▸ **Task item**: Your reply should reproduce each line below exactly and carry none of the pictures.

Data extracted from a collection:
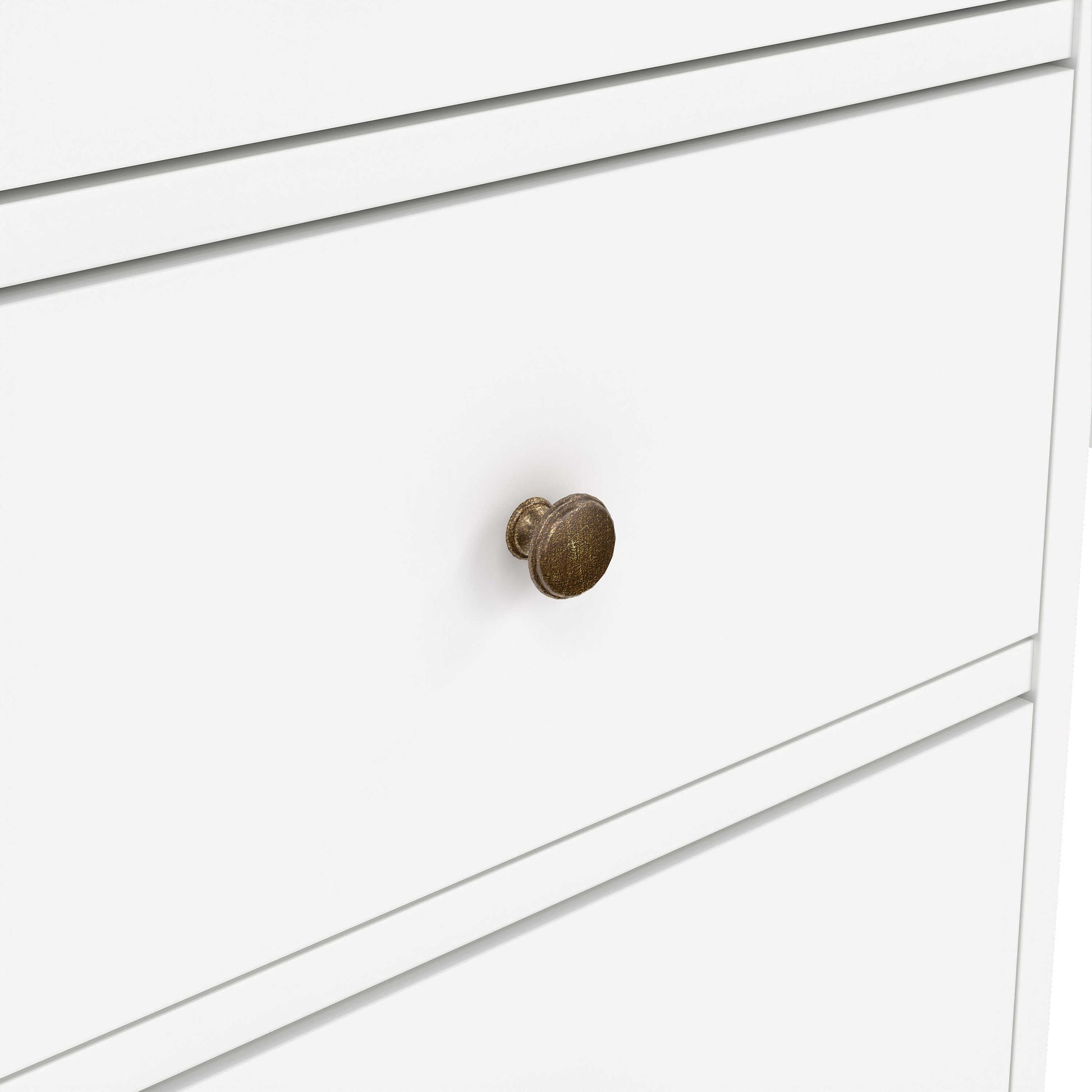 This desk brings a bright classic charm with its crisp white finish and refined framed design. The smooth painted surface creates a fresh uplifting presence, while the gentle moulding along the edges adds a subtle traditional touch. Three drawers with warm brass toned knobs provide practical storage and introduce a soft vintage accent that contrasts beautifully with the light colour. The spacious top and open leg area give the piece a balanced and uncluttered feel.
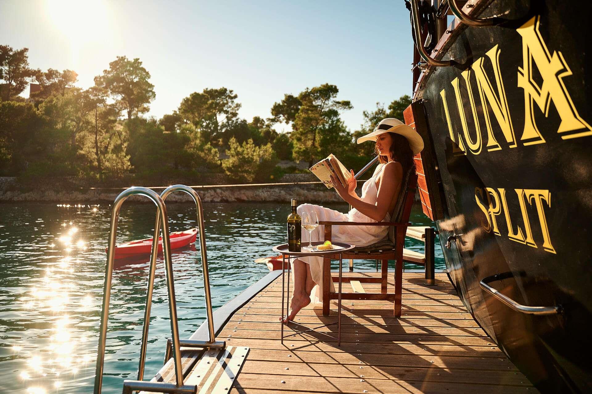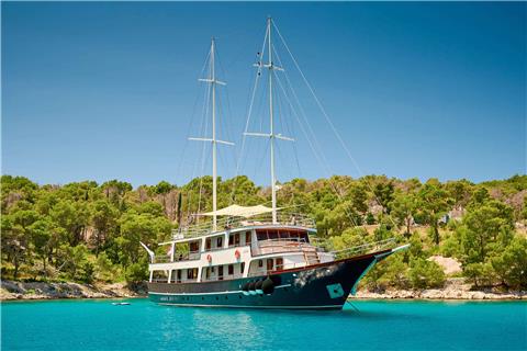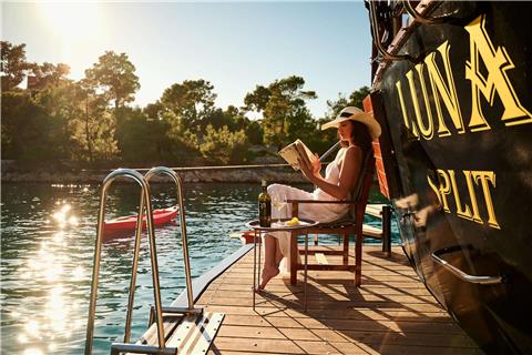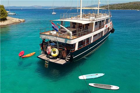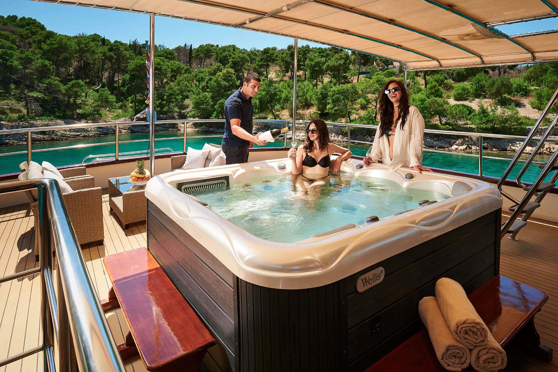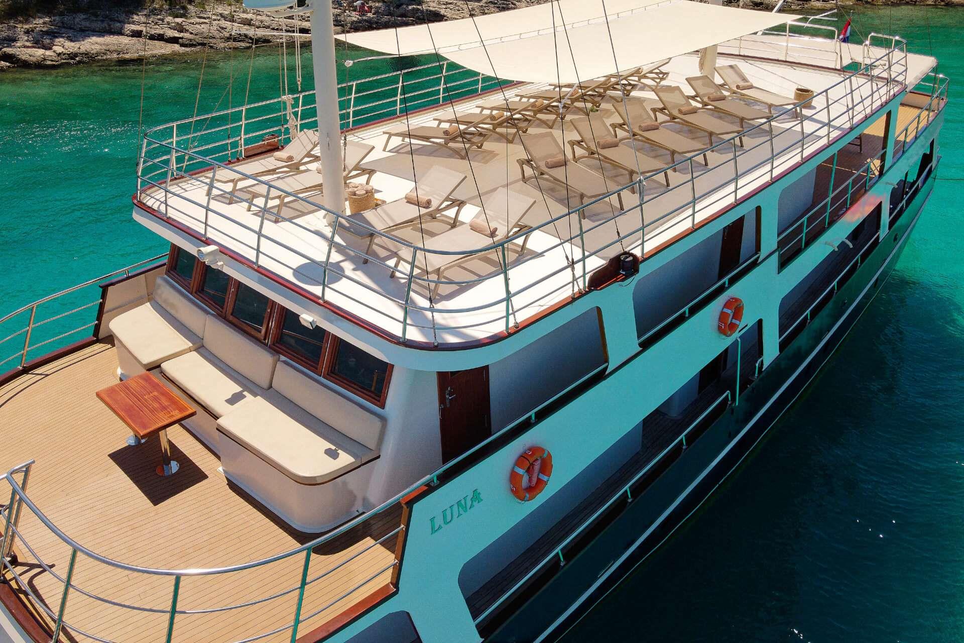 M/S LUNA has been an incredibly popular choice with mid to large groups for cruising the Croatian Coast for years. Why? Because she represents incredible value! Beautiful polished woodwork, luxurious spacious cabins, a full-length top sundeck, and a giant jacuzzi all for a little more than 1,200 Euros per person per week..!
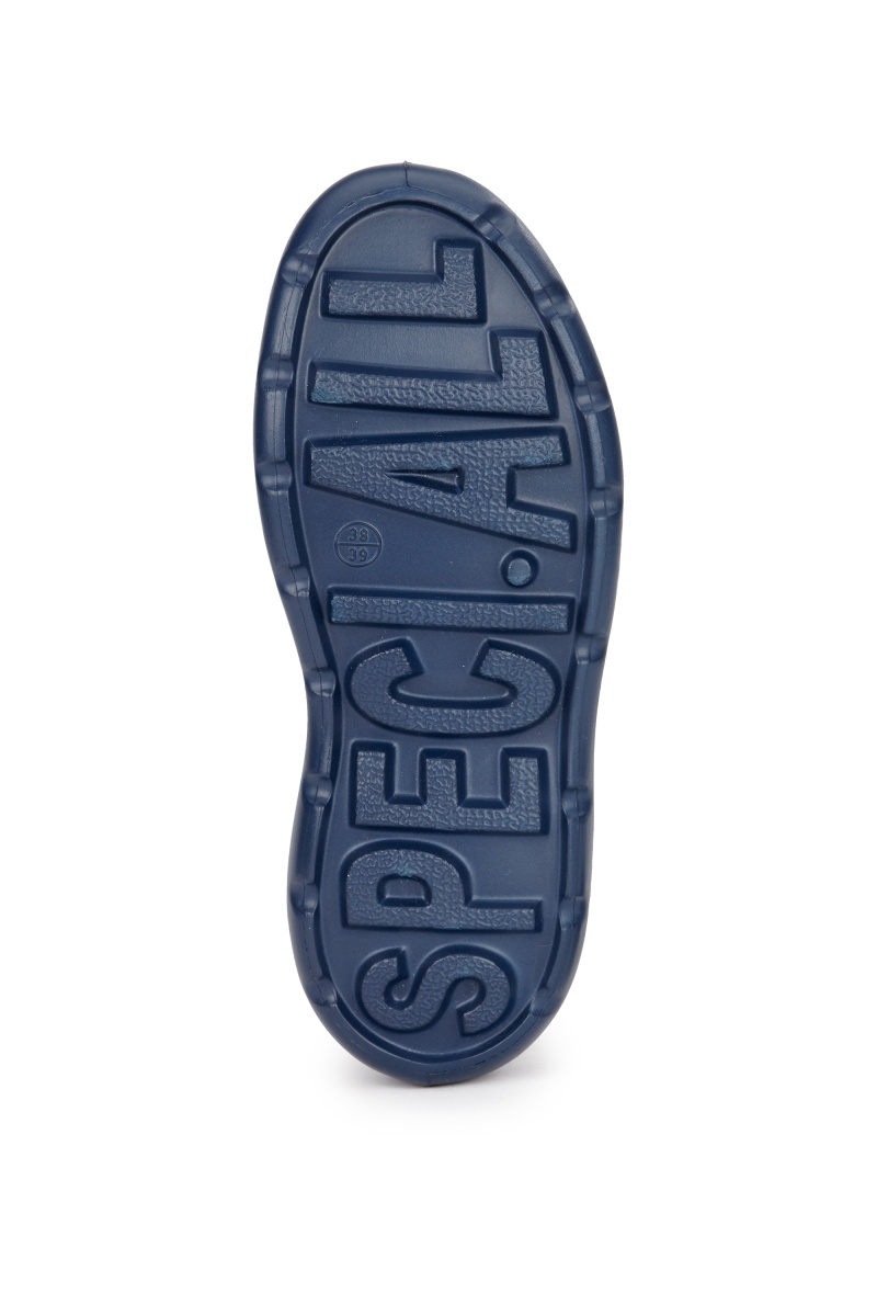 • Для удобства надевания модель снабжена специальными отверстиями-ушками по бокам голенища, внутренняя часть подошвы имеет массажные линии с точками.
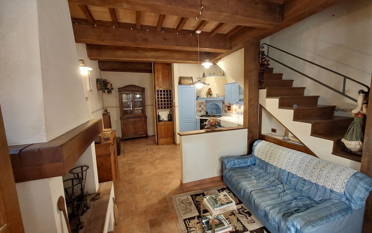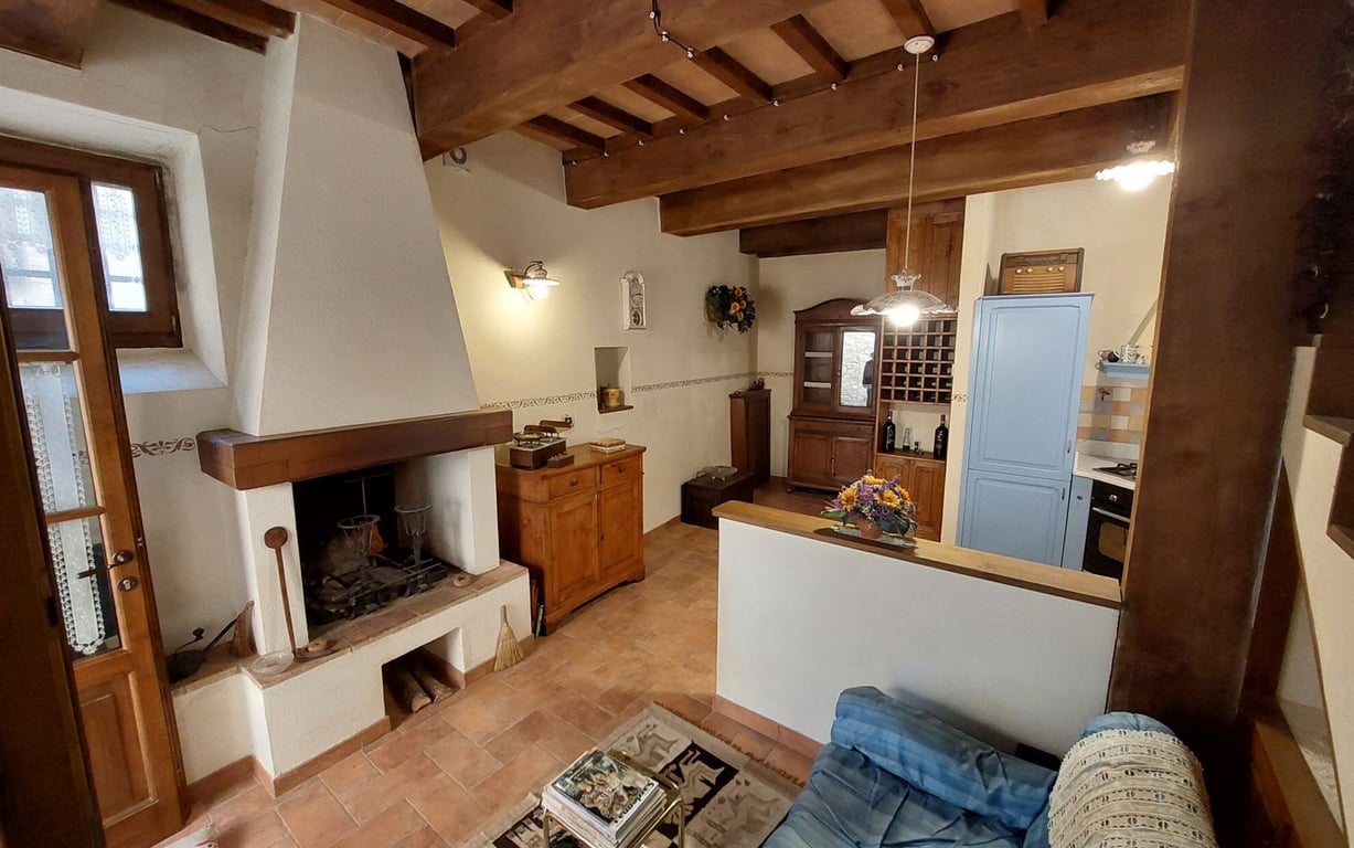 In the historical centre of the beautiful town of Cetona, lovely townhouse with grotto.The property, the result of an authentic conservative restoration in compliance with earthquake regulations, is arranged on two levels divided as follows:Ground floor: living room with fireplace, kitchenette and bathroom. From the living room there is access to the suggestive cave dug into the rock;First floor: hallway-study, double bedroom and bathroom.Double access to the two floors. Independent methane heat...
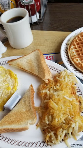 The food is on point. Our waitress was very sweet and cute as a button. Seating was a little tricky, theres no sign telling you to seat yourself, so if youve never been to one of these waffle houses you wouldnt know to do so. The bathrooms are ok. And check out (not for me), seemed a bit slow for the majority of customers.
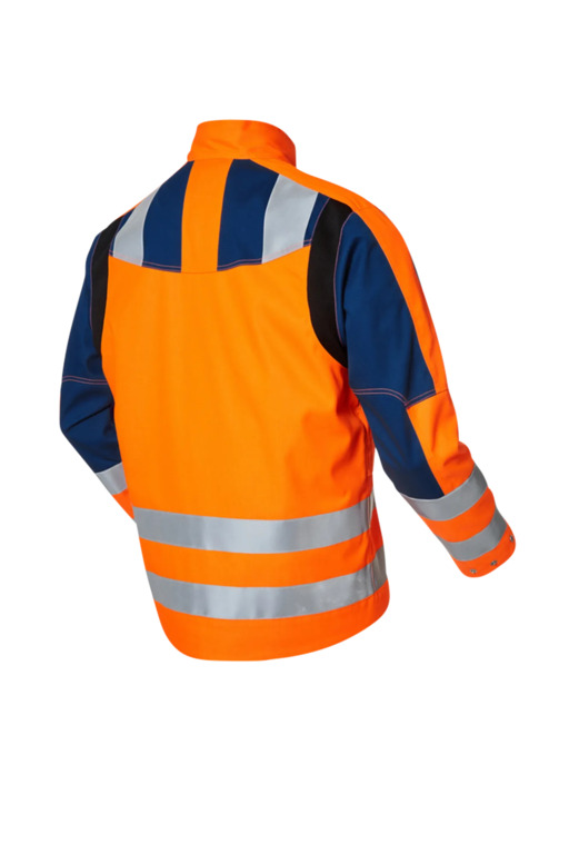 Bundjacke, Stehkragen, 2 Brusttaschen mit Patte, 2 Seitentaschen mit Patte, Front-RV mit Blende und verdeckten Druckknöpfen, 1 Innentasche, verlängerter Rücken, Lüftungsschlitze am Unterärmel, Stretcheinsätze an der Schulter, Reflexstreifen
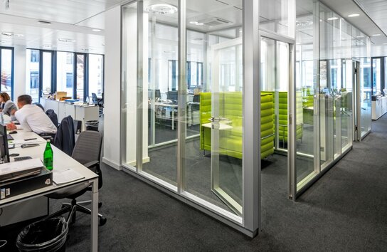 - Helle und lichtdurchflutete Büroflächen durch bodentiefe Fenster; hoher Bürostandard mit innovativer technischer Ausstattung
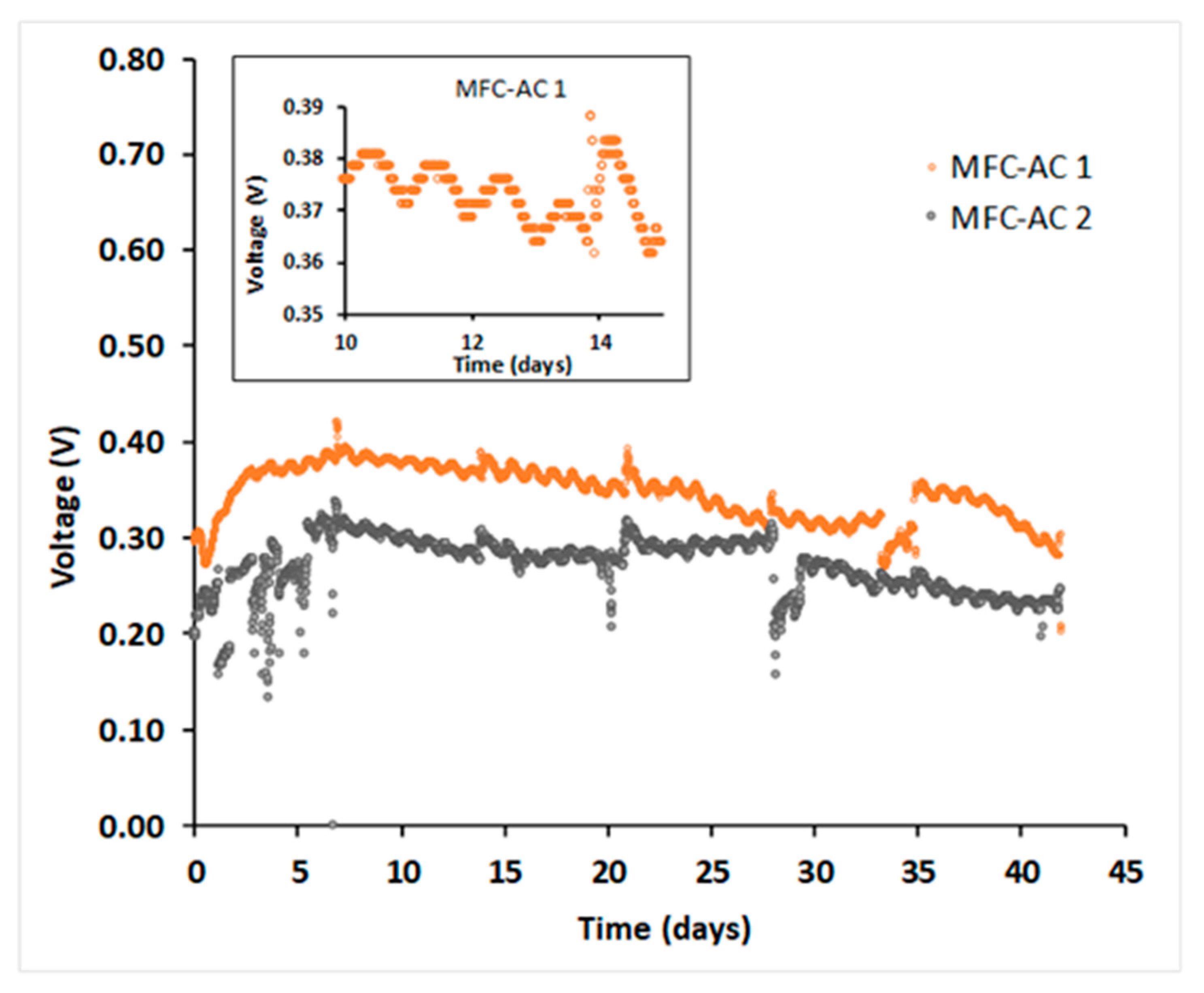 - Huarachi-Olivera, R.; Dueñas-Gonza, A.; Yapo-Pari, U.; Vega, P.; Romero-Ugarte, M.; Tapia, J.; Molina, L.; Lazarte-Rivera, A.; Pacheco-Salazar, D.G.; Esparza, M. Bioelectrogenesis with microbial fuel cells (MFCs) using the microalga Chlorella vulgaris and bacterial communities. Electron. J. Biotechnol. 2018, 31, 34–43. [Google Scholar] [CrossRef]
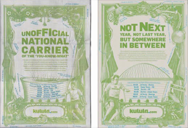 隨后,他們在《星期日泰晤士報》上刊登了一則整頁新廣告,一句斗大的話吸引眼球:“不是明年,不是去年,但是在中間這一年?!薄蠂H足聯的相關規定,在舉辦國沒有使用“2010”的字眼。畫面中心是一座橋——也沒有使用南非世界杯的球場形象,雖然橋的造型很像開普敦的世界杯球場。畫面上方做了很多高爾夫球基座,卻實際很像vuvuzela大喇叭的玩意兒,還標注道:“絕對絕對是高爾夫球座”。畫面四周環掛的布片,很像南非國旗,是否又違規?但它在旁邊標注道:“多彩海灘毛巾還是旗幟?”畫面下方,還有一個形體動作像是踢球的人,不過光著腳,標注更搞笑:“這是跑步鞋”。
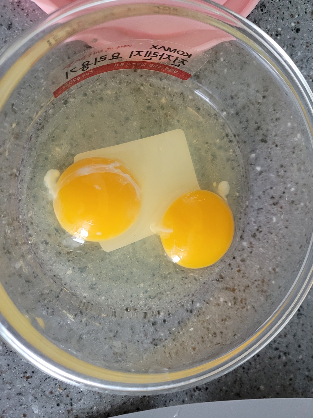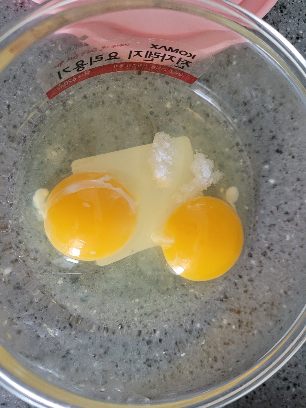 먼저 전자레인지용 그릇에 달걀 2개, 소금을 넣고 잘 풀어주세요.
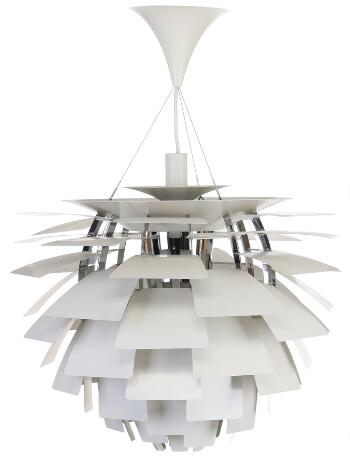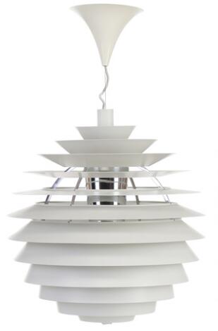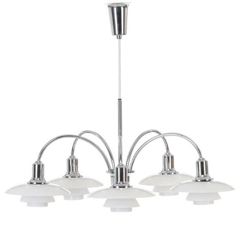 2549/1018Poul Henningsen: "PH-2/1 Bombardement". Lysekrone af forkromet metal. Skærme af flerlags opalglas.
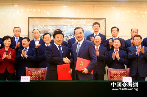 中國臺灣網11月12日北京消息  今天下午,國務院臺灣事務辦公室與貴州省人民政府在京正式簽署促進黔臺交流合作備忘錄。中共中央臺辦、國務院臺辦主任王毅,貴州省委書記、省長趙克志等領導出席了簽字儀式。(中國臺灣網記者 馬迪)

▸ **Response area**:
 This desk brings a bright classic charm with its crisp white finish and refined framed design. The smooth painted surface creates a fresh uplifting presence, while the gentle moulding along the edges adds a subtle traditional touch. Three drawers with warm brass toned knobs provide practical storage and introduce a soft vintage accent that contrasts beautifully with the light colour. The spacious top and open leg area give the piece a balanced and uncluttered feel.
 M/S LUNA has been an incredibly popular choice with mid to large groups for cruising the Croatian Coast for years. Why? Because she represents incredible value! Beautiful polished woodwork, luxurious spacious cabins, a full-length top sundeck, and a giant jacuzzi all for a little more than 1,200 Euros per person per week..!
 • Для удобства надевания модель снабжена специальными отверстиями-ушками по бокам голенища, внутренняя часть подошвы имеет массажные линии с точками.
 In the historical centre of the beautiful town of Cetona, lovely townhouse with grotto.The property, the result of an authentic conservative restoration in compliance with earthquake regulations, is arranged on two levels divided as follows:Ground floor: living room with fireplace, kitchenette and bathroom. From the living room there is access to the suggestive cave dug into the rock;First floor: hallway-study, double bedroom and bathroom.Double access to the two floors. Independent methane heat...
 The food is on point. Our waitress was very sweet and cute as a button. Seating was a little tricky, theres no sign telling you to seat yourself, so if youve never been to one of these waffle houses you wouldnt know to do so. The bathrooms are ok. And check out (not for me), seemed a bit slow for the majority of customers.
 Bundjacke, Stehkragen, 2 Brusttaschen mit Patte, 2 Seitentaschen mit Patte, Front-RV mit Blende und verdeckten Druckknöpfen, 1 Innentasche, verlängerter Rücken, Lüftungsschlitze am Unterärmel, Stretcheinsätze an der Schulter, Reflexstreifen
 - Helle und lichtdurchflutete Büroflächen durch bodentiefe Fenster; hoher Bürostandard mit innovativer technischer Ausstattung
 - Huarachi-Olivera, R.; Dueñas-Gonza, A.; Yapo-Pari, U.; Vega, P.; Romero-Ugarte, M.; Tapia, J.; Molina, L.; Lazarte-Rivera, A.; Pacheco-Salazar, D.G.; Esparza, M. Bioelectrogenesis with microbial fuel cells (MFCs) using the microalga Chlorella vulgaris and bacterial communities. Electron. J. Biotechnol. 2018, 31, 34–43. [Google Scholar] [CrossRef]
 隨后,他們在《星期日泰晤士報》上刊登了一則整頁新廣告,一句斗大的話吸引眼球:“不是明年,不是去年,但是在中間這一年?!薄蠂H足聯的相關規定,在舉辦國沒有使用“2010”的字眼。畫面中心是一座橋——也沒有使用南非世界杯的球場形象,雖然橋的造型很像開普敦的世界杯球場。畫面上方做了很多高爾夫球基座,卻實際很像vuvuzela大喇叭的玩意兒,還標注道:“絕對絕對是高爾夫球座”。畫面四周環掛的布片,很像南非國旗,是否又違規?但它在旁邊標注道:“多彩海灘毛巾還是旗幟?”畫面下方,還有一個形體動作像是踢球的人,不過光著腳,標注更搞笑:“這是跑步鞋”。
 먼저 전자레인지용 그릇에 달걀 2개, 소금을 넣고 잘 풀어주세요.
 2549/1018Poul Henningsen: "PH-2/1 Bombardement". Lysekrone af forkromet metal. Skærme af flerlags opalglas.
 中國臺灣網11月12日北京消息  今天下午,國務院臺灣事務辦公室與貴州省人民政府在京正式簽署促進黔臺交流合作備忘錄。中共中央臺辦、國務院臺辦主任王毅,貴州省委書記、省長趙克志等領導出席了簽字儀式。(中國臺灣網記者 馬迪)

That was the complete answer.